Department of Pathology, NYU School of Medicine, New York, NY 10016, USA; Laura and Isaac Perlmutter Cancer Center, NYU School of Medicine, New York, NY 10016, USA.
Pharmacol Ther. 2019 Nov;203:107395. doi: 10.1016/j.pharmthera.2019.107395. Epub 2019 Jul 30.
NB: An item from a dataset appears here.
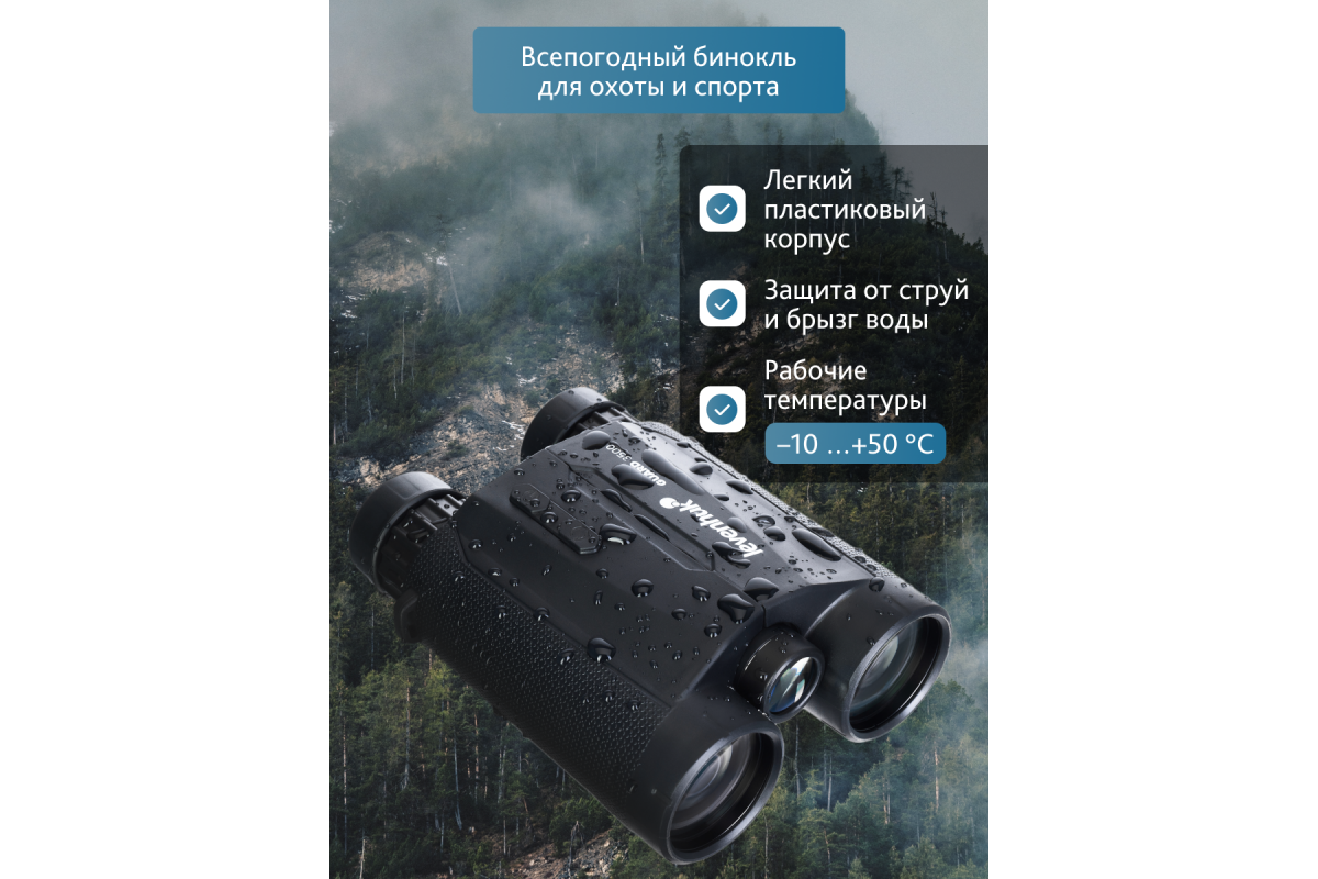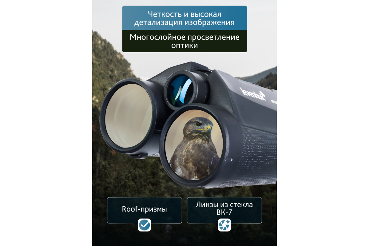Оптическая схема бинокля строится на основе roof-призм. Линзы имеют многослойное просветление, что в сочетании со светосильными объективами обеспечивает одинаково яркую, четкую и правдивую картинку, лишенную оптических искажений, как при дневном свете, так и в сумерках. Предусмотрена возможность настроить фокус каждого окуляра по отдельности. Межзрачковое расстояние регулируется – бинокль легко подстроить под индивидуальную физиологию.
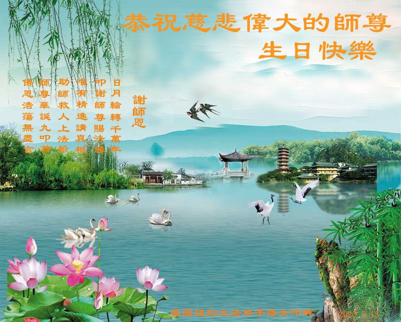 Greetings also received from a young practitioner in New York, a practitioner from Zhejiang Province of China who resides in New York on behalf of his family of six, and mother and daughter practitioners in New York.

A major challenge in cancer treatment is predicting the clinical response to anti-cancer drugs on a personalized basis. The success of such a task largely depends on the ability to develop computational resources that integrate big "omic" data into effective drug-response models. Machine learning is both an expanding and an evolving computational field that holds promise to cover such needs. Here we provide a focused overview of: 1) the various supervised and unsupervised algorithms used specifically in drug response prediction applications, 2) the strategies employed to develop these algorithms into applicable models, 3) data resources that are fed into these frameworks and 4) pitfalls and challenges to maximize model performance. In this context we also describe a novel in silico screening process, based on Association Rule Mining, for identifying genes as candidate drivers of drug response and compare it with relevant data mining frameworks, for which we generated a web application freely available at: https://compbio.nyumc.org/drugs/. This pipeline explores with high efficiency large sample-spaces, while is able to detect low frequency events and evaluate statistical significance even in the multidimensional space, presenting the results in the form of easily interpretable rules. We conclude with future prospects and challenges of applying machine learning based drug response prediction in precision medicine.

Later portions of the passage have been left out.